My implementation is very different from the one in vllm, but the section 4.4 of their paper https://arxiv.org/pdf/2309.06180.pdf provides a good background for parallel sampling. For example, the first case above, "The prompt token counts is not divisible by the block size", is solved by copying partially-shared prompt blocks to each decode sequence, as described in the paper.

The SWA + parallel sampling case is difficult and I'm not happy with my current solution. It is not clean and not optimal in terms of free block usage (I don't use "reference count" of blocks as the paper describes and vllm implements). This case is also difficult to test, so there could be more bugs. But I think this is in a reasonable state for the first cut.

Also importantly, evicting a parallel-sampling request is still not supported since restoring its KV cache entries by recompute is very challenging (vllm also doesn't support that either). I'll work on that later.

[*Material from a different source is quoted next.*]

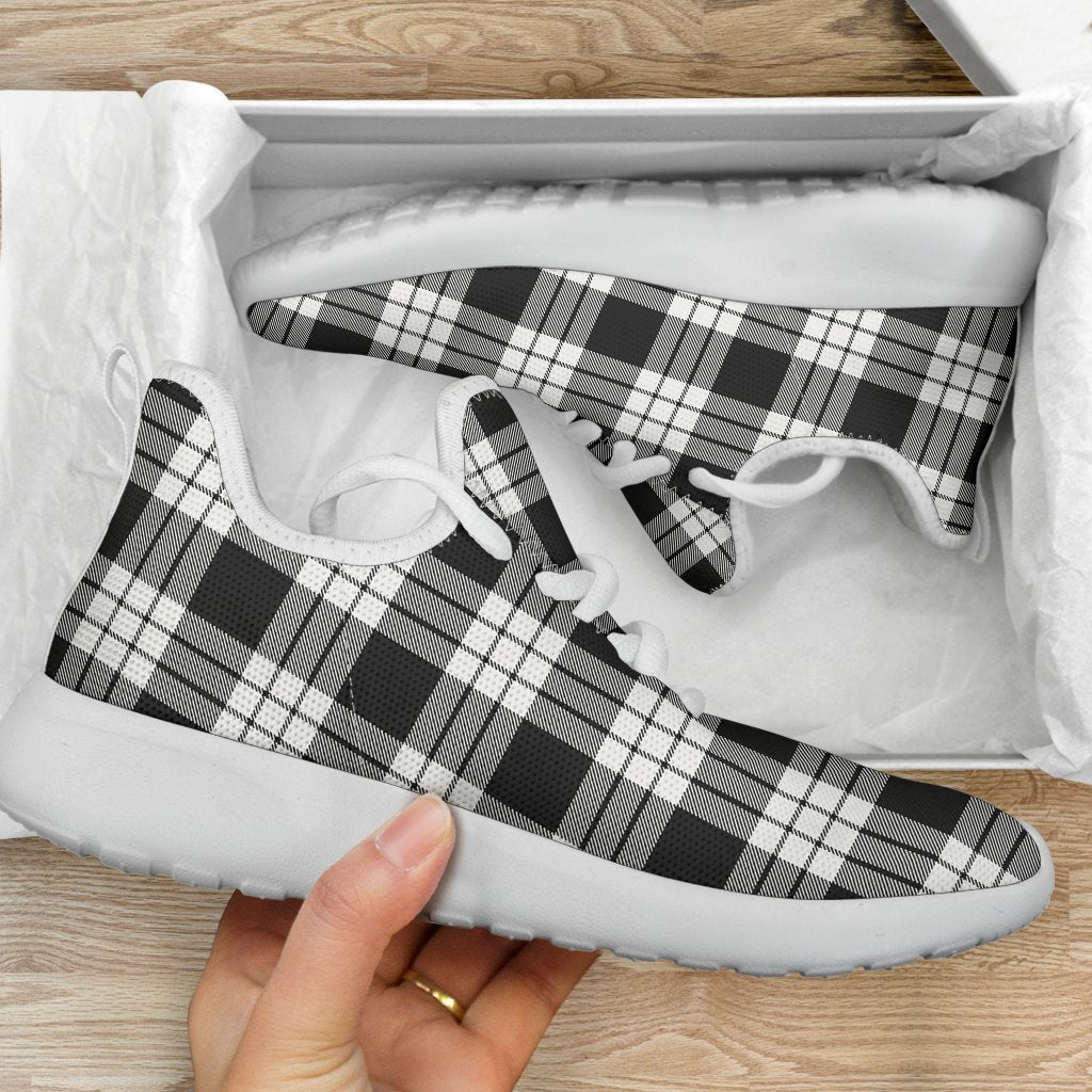 MacFarlane Black & White Ancient Tartan Plaid Mesh Knit Sneakers

An example output from parallel sampling with SWA on an 8k prompt

Generated 0-th sample = ' House Of The Seven Hawks The director's name is Abhsihek Saxena Who's the one who produced and directed film by'
                                                                                             
Generated 1-th sample = ' House of The Seven Hawks                                                                                                                                         
Question: Who made films on hitting the perfect 10.                                          
                                                                                                                                                                                           
 Rumbi Katedza                                                                                                                                                                             
Question'                                                                                                                                                                                  
                                                                                             
Generated 2-th sample = ' House Of The Seven Hawks                                                                                                                                         
Answers:                                                                                     
Passage 7;                                                                                   
Abhishek Saxena                                                                                                                                                                            
Abhishek Sax'

This reverts commit 5382004.

masahi · 2023-12-12T07:26:05Z

serve/mlc_serve/engine/base.py

+
+def get_prompt_sequence_id(request_id: RequestId) -> SequenceId:
+    return SequenceId(request_id, PROMPT_SEQEUNCE_INDEX)
+


@sunggg @elvin-n Please be aware of this convention

psrivas2 · 2023-12-14T06:02:00Z

Should we also update the assert at https://github.com/masahi/mlc-llm/blob/parallel-sampling-dev/serve/mlc_serve/engine/base.py#L148 to be if self.best_of > self.num_sequences:

masahi · 2023-12-14T06:45:29Z

I don't think we support self.best_of > self.num_sequences case. We can generate best_of samples, but we don't have logic to choose num_sequnces samples from them (because right now we don't preserve logprobs after sampling).

Besides, is there a point in allowing greedy sampling when best_of == num_sequences (which your condition allows)?

elvin-n · 2023-12-14T07:52:06Z

serve/benchmarks/benchmark_throughput.py

    )

    if args.use_staging_engine:
        engine.stop()

    total_num_tokens = sum(
-        prompt_len + output_len for _, prompt_len, output_len in requests
+        prompt_len + output_len * args.num_sequences_to_sample for _, prompt_len, output_len in requests


not a subject to change, but rather some reflections - the metric that we calculate, tokens peer second, might not reflect the real number of processed tokens because we have cache eviction and we can process same request several times. I.e. we can process more requests than calculate in this total_num_tokens. Not sure if it affects any conclusion or picture.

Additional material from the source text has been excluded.